StraightFiles

Privacy Policy

Last updated: 2026-06-07

1. Overview

This application provides a client-side interface for managing orthodontic and clinical image files stored locally in the browser or in third-party cloud storage services such as Microsoft OneDrive.

The application is designed with a client-first architecture. We do not operate a traditional backend storage system and do not host user files.

2. Data Storage Model

The application supports two storage modes:

Local Storage

  • Files and related data are stored locally in the user's browser (e.g. local storage or IndexedDB)
  • Data never leaves the user's device unless explicitly uploaded to a connected cloud provider

Cloud Storage (BYOS)

  • The application integrates with third-party storage providers such as Microsoft OneDrive via Microsoft Graph API
  • Files remain in the user's own storage account and are not copied or stored by us

3. Data We Do Not Store

We do not permanently store:

  • Images, photos, or medical records
  • Patient data or clinical files
  • File contents from local or cloud storage
  • Directory structures or file metadata
  • IP addresses or device identifiers
  • User activity logs

4. Server-side Processing (Transient Data Handling)

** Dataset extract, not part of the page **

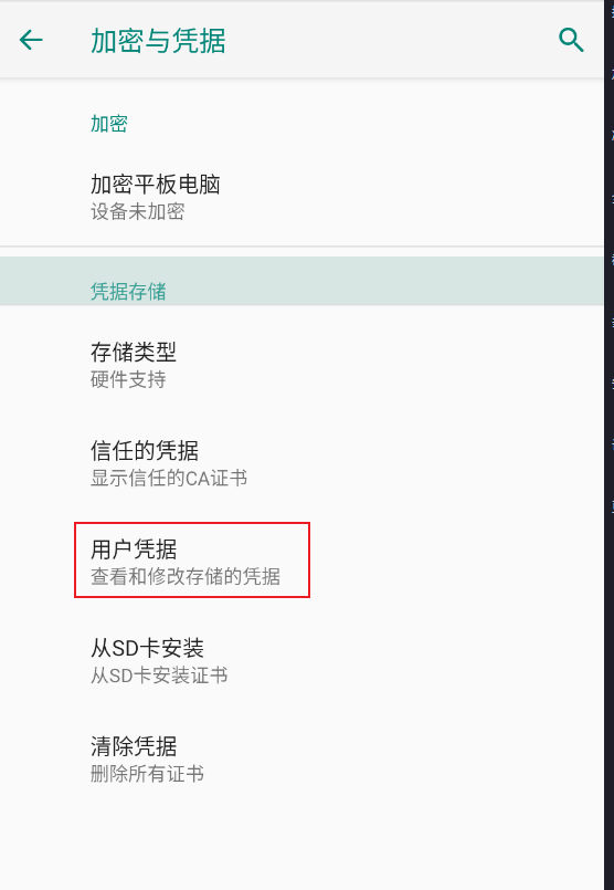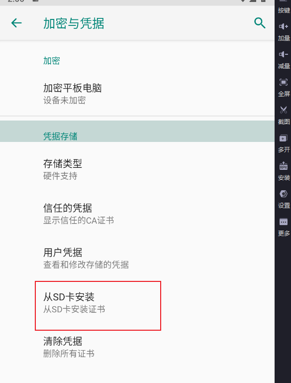 6:打开配置,搜索凭据,点击凭据存储,选择从SD卡安装(SSL证书文件所在的指定文件夹),选中安装即可

While the application is primarily client-side, limited server-side processing is used to enable integration with Microsoft OneDrive.

When cloud features are used, our backend may temporarily process the following data:

  • File and folder names (which may include personal data such as patient names)
  • Directory structure information from OneDrive
  • Operational commands such as listing folders, renaming files, deleting files, and file management actions

This data is:

  • Processed only in memory
  • Not stored in any database or persistent storage
  • Discarded immediately after the request is completed

5. Authentication & Access Tokens

When connecting to Microsoft OneDrive:

  • Authentication is handled via Microsoft OAuth and Azure App permissions
  • Access tokens are used only during active sessions
  • Tokens are not stored on our servers

6. Third-Party Services

The application integrates with third-party services, including:

  • Microsoft OneDrive (via Microsoft Graph API)

Your use of third-party services is governed by their respective privacy policies:

We are not responsible for data handling practices of third-party providers.

7. Security

We apply standard security practices to protect communication between the client, backend relay services, and third-party APIs.

However, no system can guarantee absolute security, and users are responsible for securing their own accounts and devices.

8. Data Processing Role

We act as a technical intermediary facilitating user interactions with external storage providers. We do not control or own user data stored in third-party systems.

9. Changes to This Policy

We may update this Privacy Policy from time to time. Continued use of the application constitutes acceptance of the updated version.